Watched Mar 22, 2012
Sam Powell’s review:
Rachel Getting Married witnesses the gathering of two wonderfully vibrant families for the nuptials of title character Rachel (Rosemarie DeWitt) and African-American musician Sidney (Tunde Adebimpe). While the attention should be focussed on the blushing bride to be, it’s her sister Kym (Anne Hathaway), fresh out of rehab, who leads the narrative.
The families embrace each other with warmth, and along with Sidney’s eccentric musical friends it creates a fun and charming atmosphere. The tone is soon dampened when Kym confronts her family, with honesty for the first time, as she reveals a devastating past. Loving and dorky Dad in denial, played tremendously by Bill Irwin (best known as Mr Noodle from Elmo’s World), is desperate to keep the family close. This standout performance made all the more significant when he and the soon-to-be son-in-law embark on a bizarre contest of speed and efficiency of loading the dishwasher. The guests form a spectating crowd, cheering and chanting, with the violinist improvising a racing and suspenseful soundtrack. These light hearted moments draw us into the convivial ambience of the occasion, taking relief from personal issues and concerns.
Improvisation from the surrounding cast was encouraged throughout production, as Hollywood director Jonathon Demme, whose previous works include The Silence of the Lambs (1991) and Philadelphia (1993), dramatically changes approach to become more akin to independent cinema, such as Half Nelson (2006) and The Wrestler (2008)

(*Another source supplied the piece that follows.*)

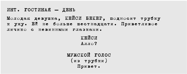 Это пример текстового отрывка из ЛИТЕРАТУРНОГО СЦЕНАРИЯ. Как видите, литературный сценарий – это подробнейшее описание будущего фильма. В нем последовательно описывается, что каждый персонаж делает (ДЕЙСТВИЯ), говорит (РЕПЛИКИ), как он говорит (РЕМАРКИ), где (ЛОКАЦИЯ) и когда (ВРЕМЯ) это происходит.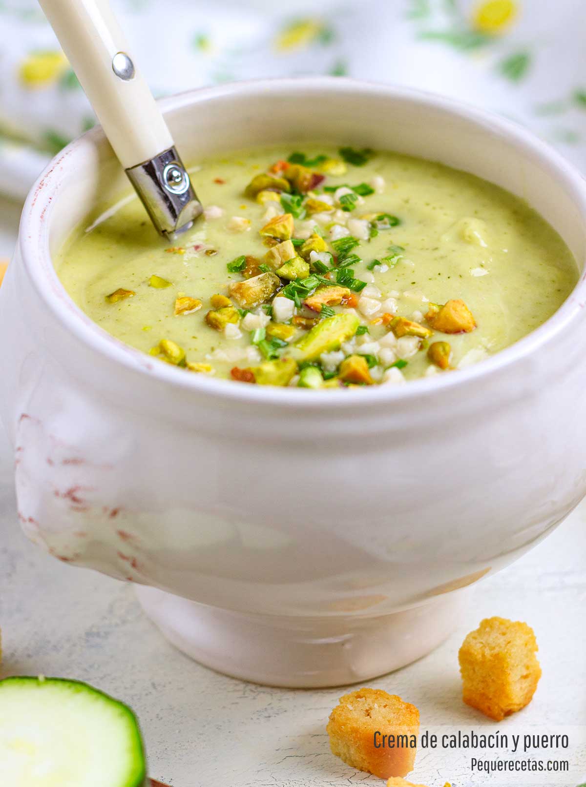 Esta crema de puerros está deliciosa si la coméis sin más, pero si queréis añadirle algún tipo de tropezones podéis poner unos picatostes de pan frito con ajo, que le dan un sabor delicioso. O como hemos hecho nosotros en este caso, le podéis añadir unos pistachos y cubitos de almendra picados o cualquier fruto seco, espolvoreando cebollino por encima.

Demme has proved throughout his career that he can produce quality from a range of genres and draws on many aspects of his previous work for Rachel. While hand-held cameras were used to provide a claustrophobic emotion in Philadelphia and Lambs, here it aids the vérité method of filmmaking. The fly on the wall, documentary style benefits the film and instead of allowing its voyeuristic qualities to take control it contributes to a natural watch, inviting the audience into the party with the characters.
Demme’s ability portray complex heroines, as he did with the famous Clarice, is forced to re-emerge by Anne Hathaway’s protagonist. Her performance was undeniably worthy of her Oscar nomination as she drains every drop out of this complex character; who despite being a self-centred attention seeking drug addict, she expresses her inner conflicts with a deep remorse that she struggles to articulate to her family. Despite her negative connotations she is likeable and convincing.
Demme commented that he loved the way Jenny Lumet’s script had a disregard for the conventional rules of writing likeable characters, expressing a bold approach to truth, pain and humour. He wasn’t wrong.